Similar to green-washing… ethical-consumerism-washing. Is a thing. I shouldn’t be surprised. Yet, we are all. Each and every time we come face to face with a façade. I feel it’s a good sign, that we are all becoming more diligent in how we spend our money and source our goods.
Yes… Some may take advantage of that. Yet, what we learn from that is to come back to our roots and reconnect and look to authentic people to move forward with.
When we first cruised into Rathambore in the province of Rajasthan, India, a small town on the border of a National Park and Tiger Preserve, I was ecstatic. I was out of a city, closer to seeing a wild cat, and… and… on the list of things to do in this town, was visit a women’s center that claimed to help empower women.
First things first, we needed to go on a morning Safari to attempt to spot an elusive Bengal tiger. It was chilly and we were in a car with a couple that had been on Safari for days… attempting the same thing. I was, as usual, overly optimistic, in attempt to sway things in our favor. But alas, we did not spot a cat, but many alligators and birds and monkeys… and just as importantly, some of the most beautiful trees I can think of.
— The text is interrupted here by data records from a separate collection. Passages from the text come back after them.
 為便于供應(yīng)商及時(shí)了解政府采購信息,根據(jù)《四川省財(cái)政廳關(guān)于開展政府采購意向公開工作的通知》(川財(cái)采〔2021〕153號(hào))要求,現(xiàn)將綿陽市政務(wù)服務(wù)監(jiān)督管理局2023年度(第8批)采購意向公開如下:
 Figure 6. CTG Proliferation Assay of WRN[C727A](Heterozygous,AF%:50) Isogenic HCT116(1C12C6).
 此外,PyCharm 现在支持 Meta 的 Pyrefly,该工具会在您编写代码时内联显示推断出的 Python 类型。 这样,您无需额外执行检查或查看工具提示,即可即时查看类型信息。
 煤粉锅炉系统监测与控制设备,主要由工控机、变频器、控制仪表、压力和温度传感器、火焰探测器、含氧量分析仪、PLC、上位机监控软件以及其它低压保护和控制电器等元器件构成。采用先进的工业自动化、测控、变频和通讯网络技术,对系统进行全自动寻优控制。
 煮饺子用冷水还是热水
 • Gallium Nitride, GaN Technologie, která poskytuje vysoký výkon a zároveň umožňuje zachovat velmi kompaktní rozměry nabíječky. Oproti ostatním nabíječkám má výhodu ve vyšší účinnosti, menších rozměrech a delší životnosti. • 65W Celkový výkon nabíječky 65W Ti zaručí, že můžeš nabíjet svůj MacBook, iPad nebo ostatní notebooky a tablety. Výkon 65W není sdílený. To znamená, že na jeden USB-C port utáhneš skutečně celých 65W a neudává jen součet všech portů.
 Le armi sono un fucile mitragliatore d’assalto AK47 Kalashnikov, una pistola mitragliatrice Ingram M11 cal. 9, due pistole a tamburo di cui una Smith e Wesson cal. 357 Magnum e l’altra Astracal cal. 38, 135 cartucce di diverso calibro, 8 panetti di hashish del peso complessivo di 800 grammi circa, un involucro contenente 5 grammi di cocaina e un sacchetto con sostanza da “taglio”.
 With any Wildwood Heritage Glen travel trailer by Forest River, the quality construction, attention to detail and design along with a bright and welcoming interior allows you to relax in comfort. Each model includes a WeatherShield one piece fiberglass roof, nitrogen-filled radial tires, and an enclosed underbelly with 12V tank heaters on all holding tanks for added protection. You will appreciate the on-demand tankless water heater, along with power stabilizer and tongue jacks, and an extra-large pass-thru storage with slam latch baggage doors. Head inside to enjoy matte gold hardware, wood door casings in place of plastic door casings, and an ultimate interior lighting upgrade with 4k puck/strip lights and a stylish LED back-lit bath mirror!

As we moved into my portion of why we were there, we rented a bike and began driving to the infamous “women’s center”. Not being part of a tour, I was surprised when we pulled in and the women working were “woken up” in an effort to look engaged while we were there. We were then shown many different things that were all made from the village of displaced people.
Granted, there were many people displaced when the national park was created on their homeland. Many had been involved in poaching and as it became illegal, other forms of work were necessary. He was a kind man, yet he told me everything I wanted to hear, and that seemed a bit too easy. I, of course, hoped it was true, why not? But definitely needed more information. I ultimately wasn’t surprised to hear that he, along with many shops, were using the terminology of “women artisan’s” to their advantage. We stopped by a few more places and ended up speaking with a woman of intense integrity. And she changed everything.
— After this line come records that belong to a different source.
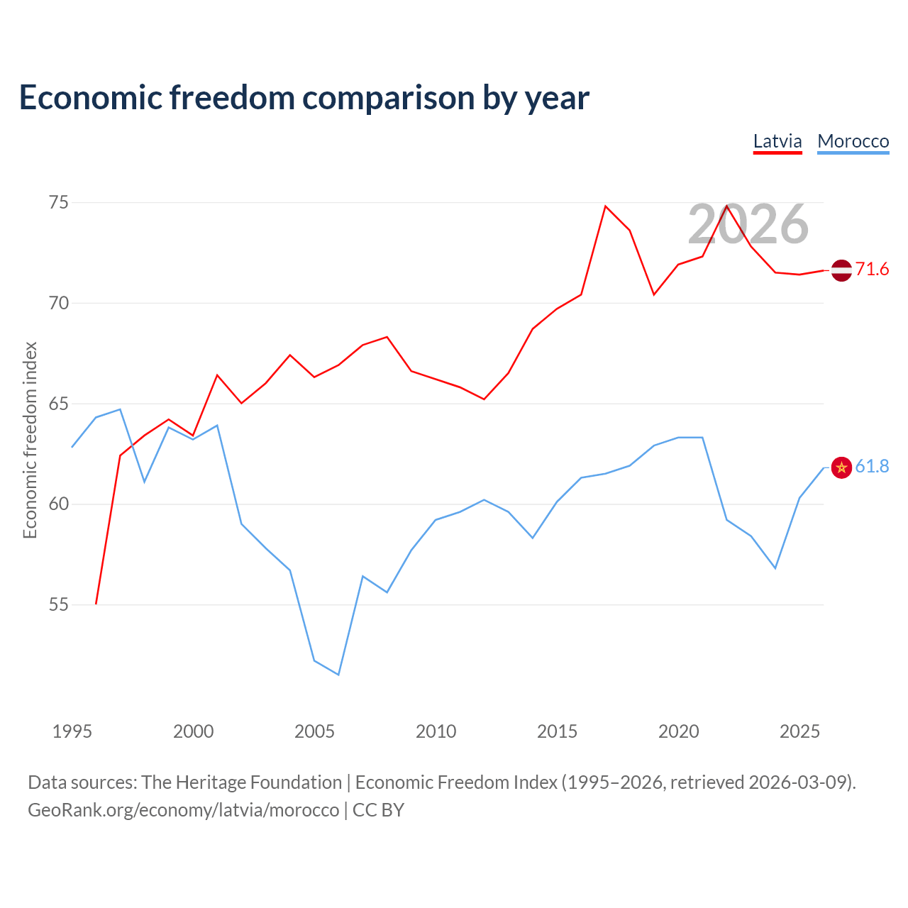 The Economic Freedom Index for Latvia is 71.6, ranking 31/197, compared to 61.8 for Morocco, ranking 91/197. The chart above displays a comparison of annual changes in economic freedom indexes.
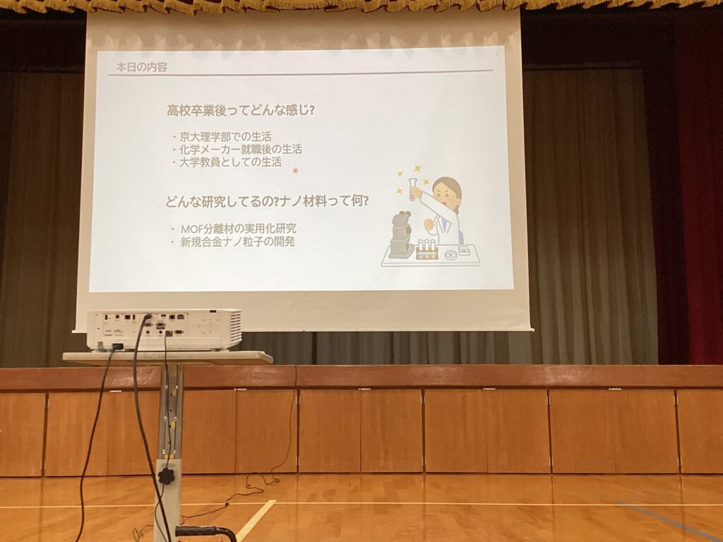10月22日(水)、京都大学大学院理学研究科化学専攻助教の向吉恵さん(16期 卒業)を招聘して、『ナノ材料研究の最前線—卒業生キャリアの一例として—』という演題のもと講演会を開催しました。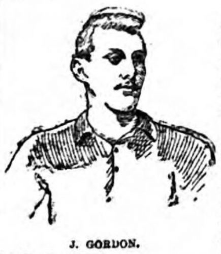 “Jack Gordon was lean and sinewy. The only superfluous thing he carried was a moustache, which tended to soften a sallow face that had not the brightness of Jimmy Ross or the fair and pleasant manliness of Sam Thompson. His face was rather forbidding, and was apt to suggest that he was the kind of player who would not stand any nonsense from an opponent. Nor would he. And he was a hard proposition of bone and muscle. Hi legs were long, and so were his arms. When he was dashing along the touchline with the ball at his foot he seemed all legs, with his high-stepping action and his arms whirling about like windmill sails. With such a style, considerable speed, fine command of the ball, and brilliant centres and screws from the touchlines, while on the move, he was difficult to find and tackle and a source of infinite worry to his foes. More practical than fanciful, more direct than sensational, he was the type of forward who never wasted time by the unnecessary. His discretion in delivering centres and his cuteness in re-pass to his mates were marked features of his style.”

She had reserve in speaking of what others were doing in the area. The “washing” campaigns that were going on. She spoke mainly of her goals and what she was trying to help create with Desakachar Rathambore, and the organization AIACA that she worked with in Delhi. She opened a door in understanding legitimate certifying agencies in India and how to work with cooperatives. That conversation really began to move The Blue Atlas Project forward.
She also helped me stay grounded and to remember, don’t believe everything you hear. I am still in the organizing and gathering information phase. But my goal is transparency. 100%. And if there ever is a question, please ask. And I will continue to work to keep things upfront and clear and eventually share the entire financial plan with you as we evolve.
Thank you, for keeping me in line, in tact, and with integrity. The people in my life keep inspiring me to hold myself and what we can do with our time here to another level. Thank you for building this world.